> **WORK ITEM**:
Using the listing below, please print exactly the lines from the one with "Sommer · Rodriguez" through the one with "This beautiful set". Leave out every picture.

(THE DATA)

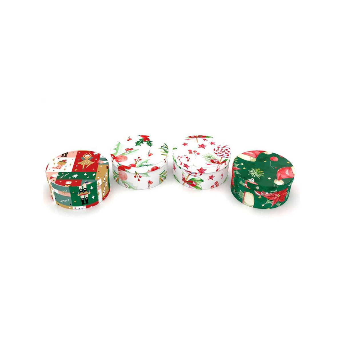 Elegante scatola tonda verde e bianca con fantasia natalizia assortita, ideale come contenitore per dolci, biscotti o piccoli regali durante le festività.
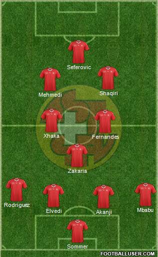 Sommer · Rodriguez · Akanji · Schar · Benito · Freuler · Zakaria · Xhaka · Shaqiri · Embolo · Seferovic
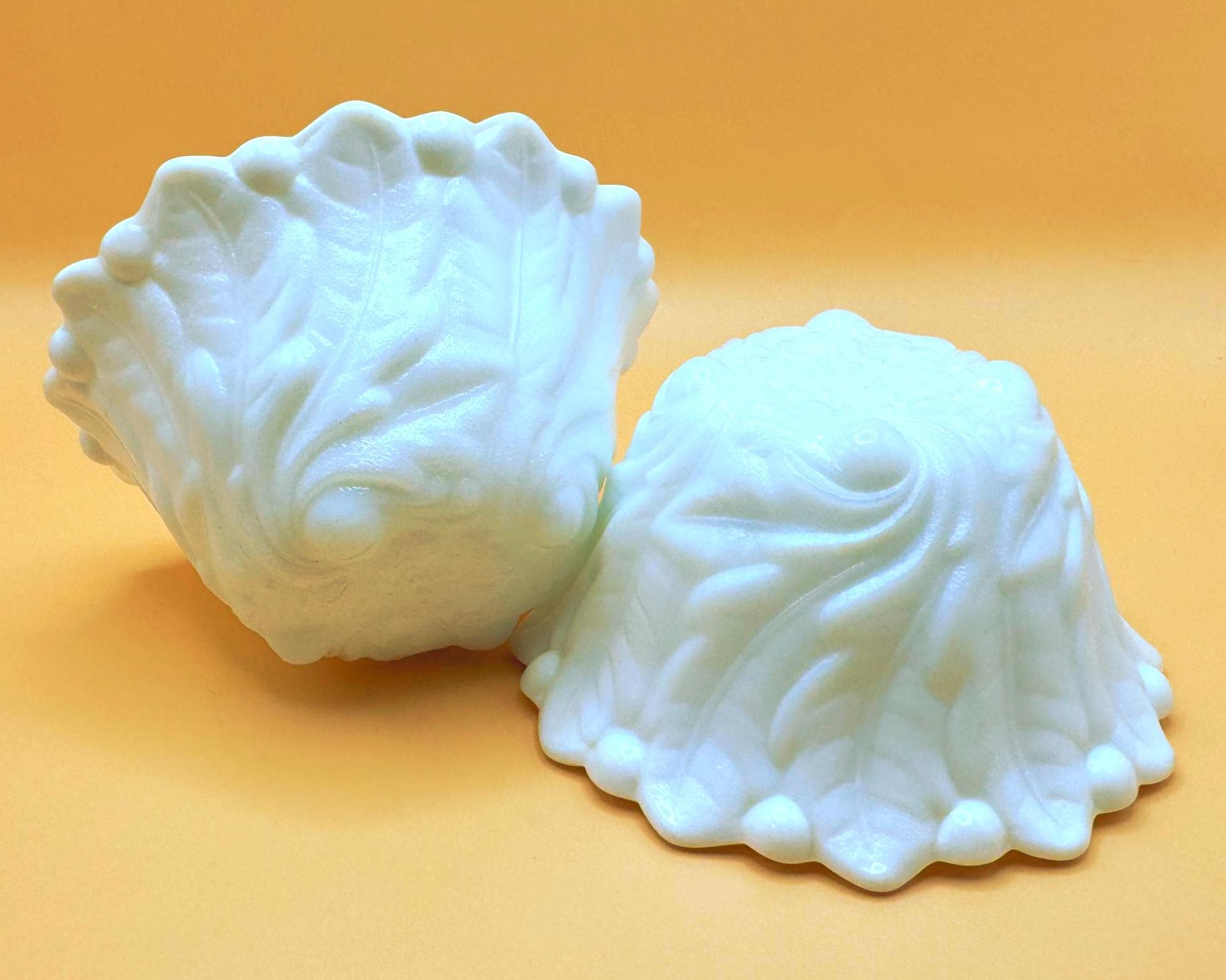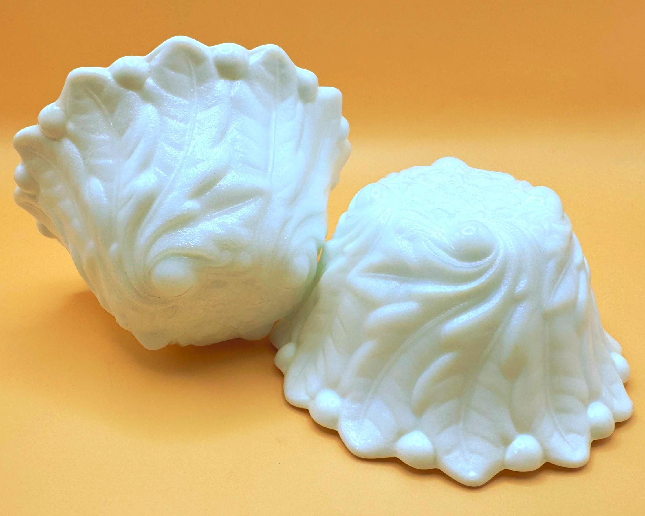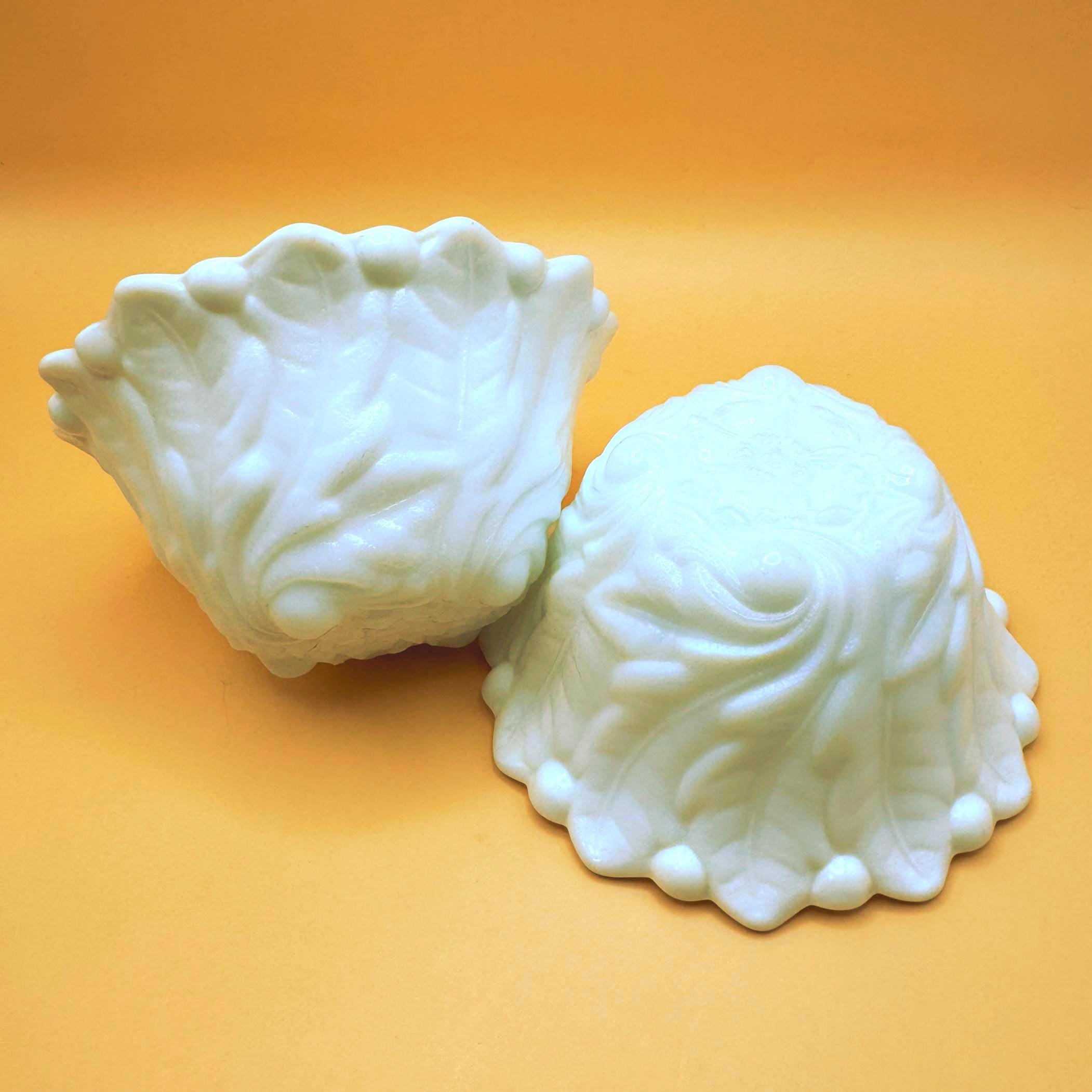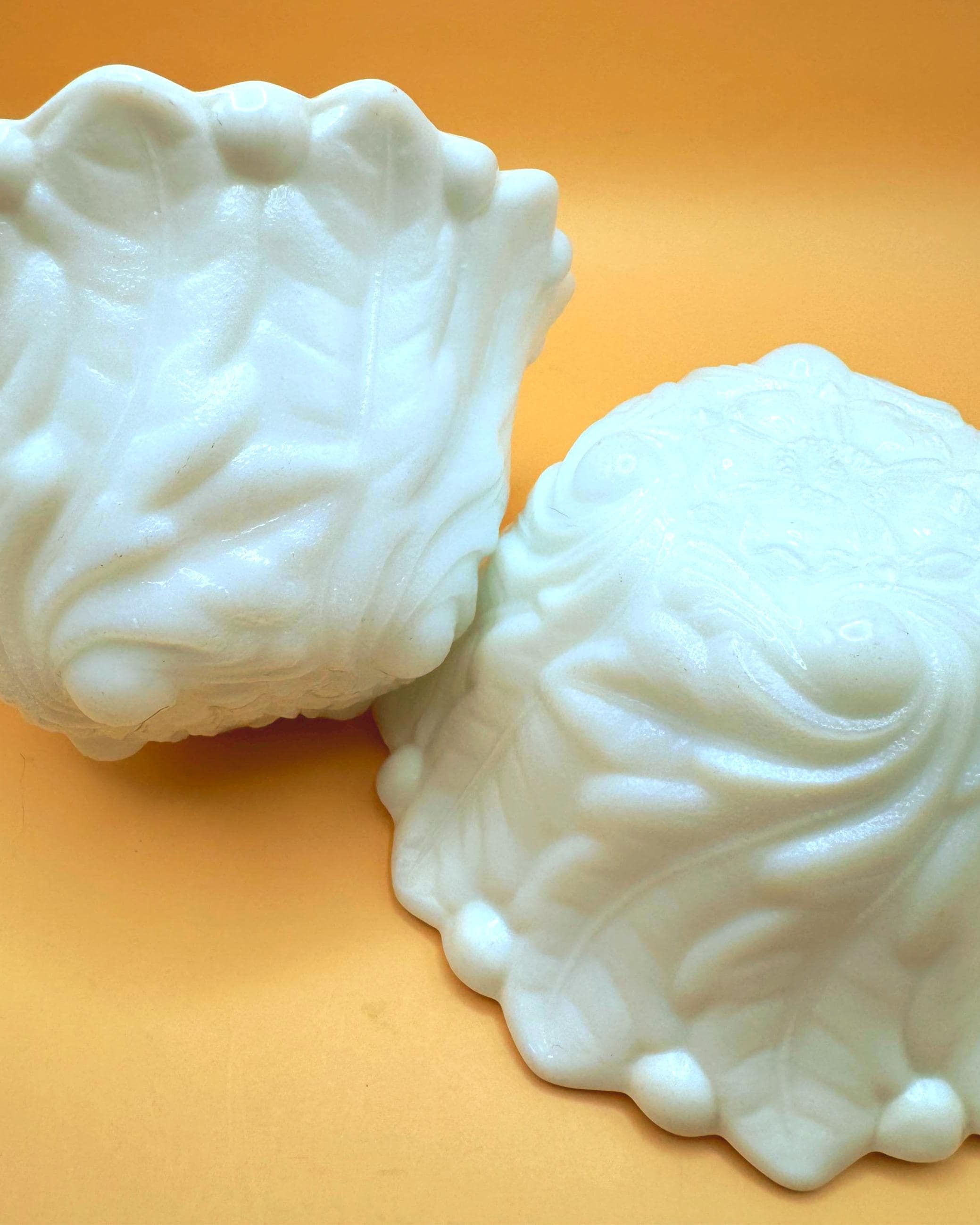 This beautiful set of two vintage milk glass bowls features a classic raised grape and leaf pattern with a softly scalloped edge.
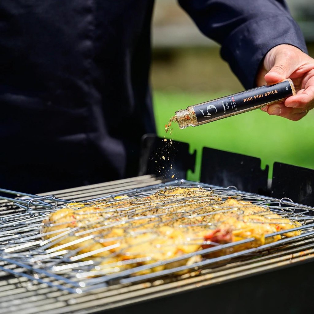 PIRI PIRI SPICE è esattamente il tipo di spezia che ti farà capire non appena la apri che non si tratterrà . Profuma di avventura, ha il sapore del coraggio e può risvegliare anche la carne che ha abbandonato da tempo ogni ambizione. Basta un pizzico e si ha la sensazione che la propria cucina si sia trasformata in un piccolo ristorante portoghese casalingo.
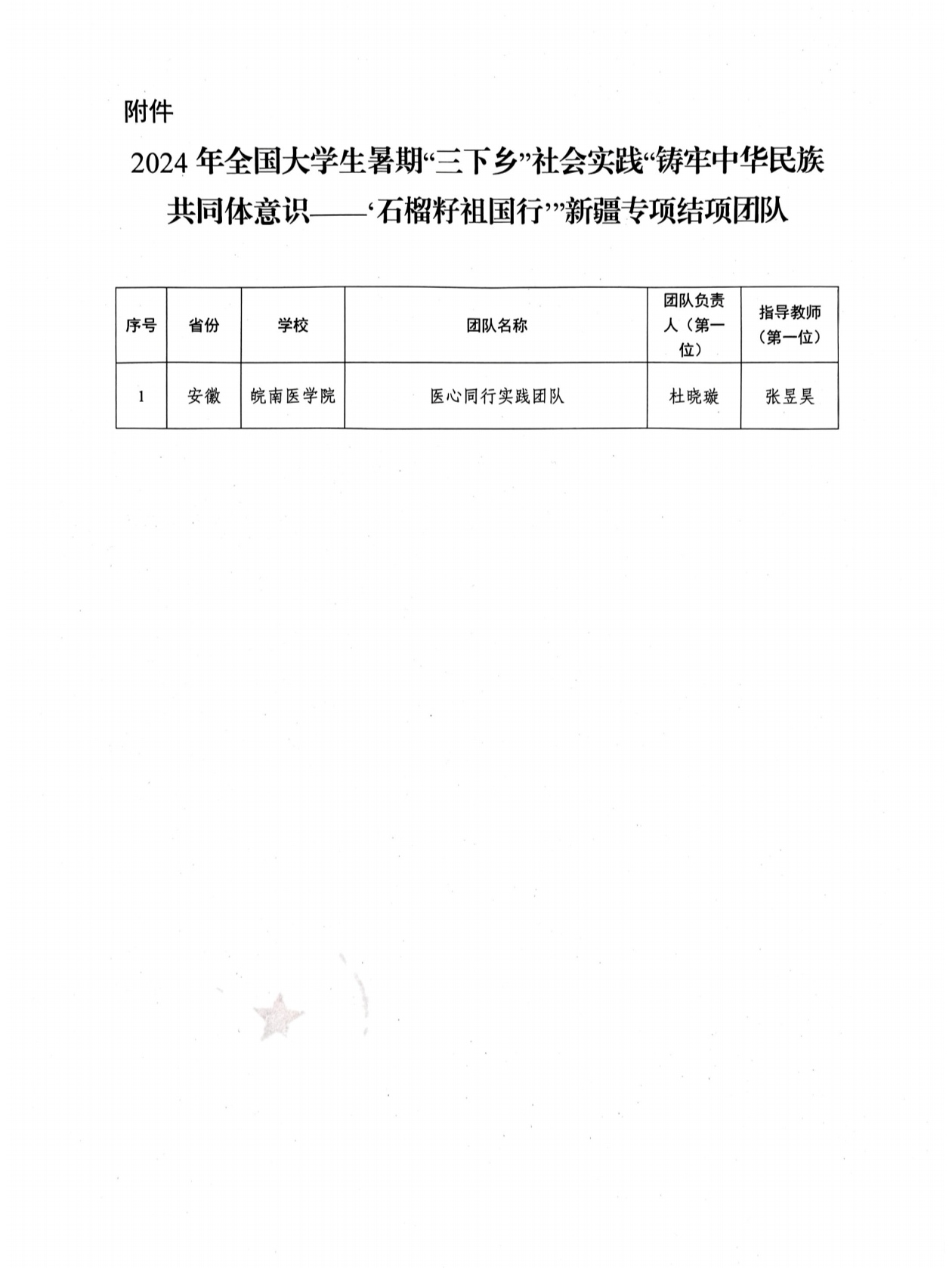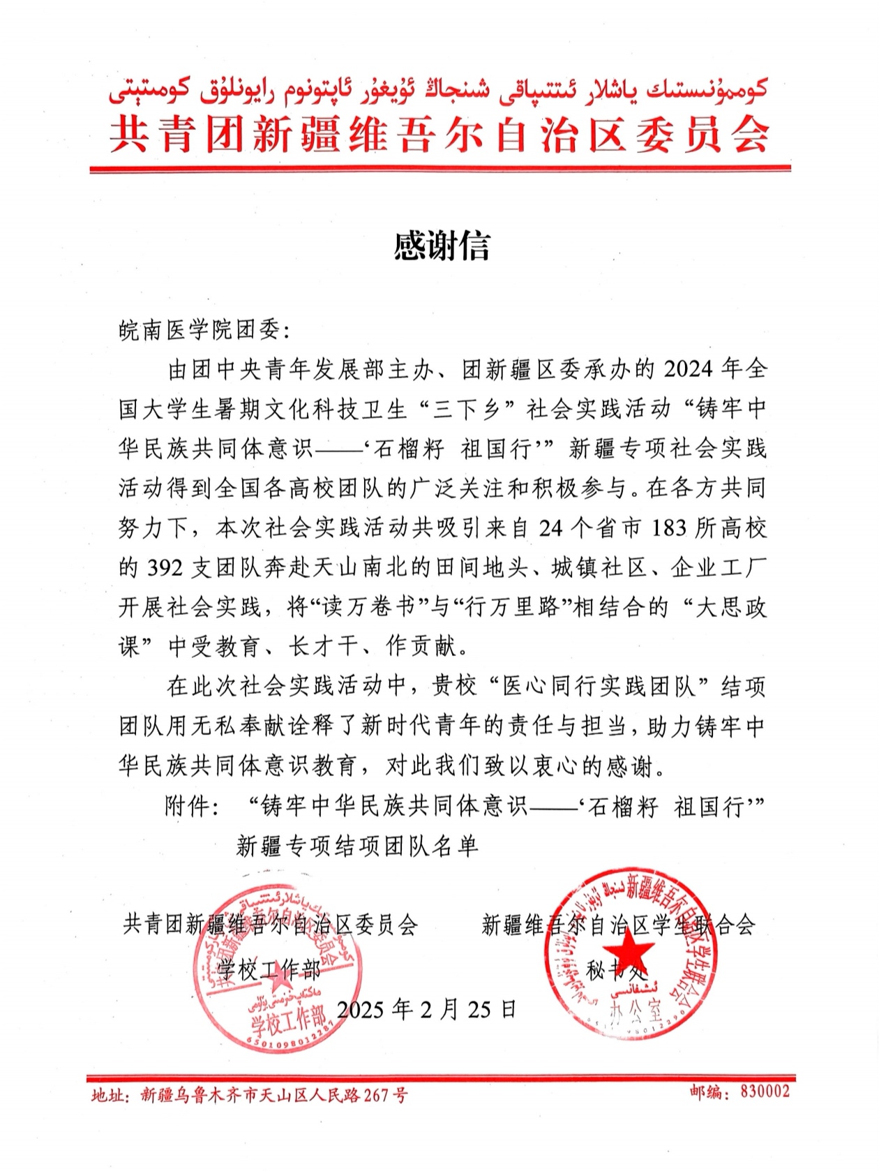 近日,共青团新疆维吾尔自治区委员会向我校团委发来感谢信,对医学影像学院“医心同行”实践团队在2024年全国大学生暑期文化科技卫生“三下乡”社会实践活动“铸牢中华民族共同体意识——‘石榴籽 祖国行’”新疆专项社会实践活动的突出表现予以表扬和感谢。

(End THE DATA)

> **WRITTEN REPLY**:
 Sommer · Rodriguez · Akanji · Schar · Benito · Freuler · Zakaria · Xhaka · Shaqiri · Embolo · Seferovic
 This beautiful set of two vintage milk glass bowls features a classic raised grape and leaf pattern with a softly scalloped edge.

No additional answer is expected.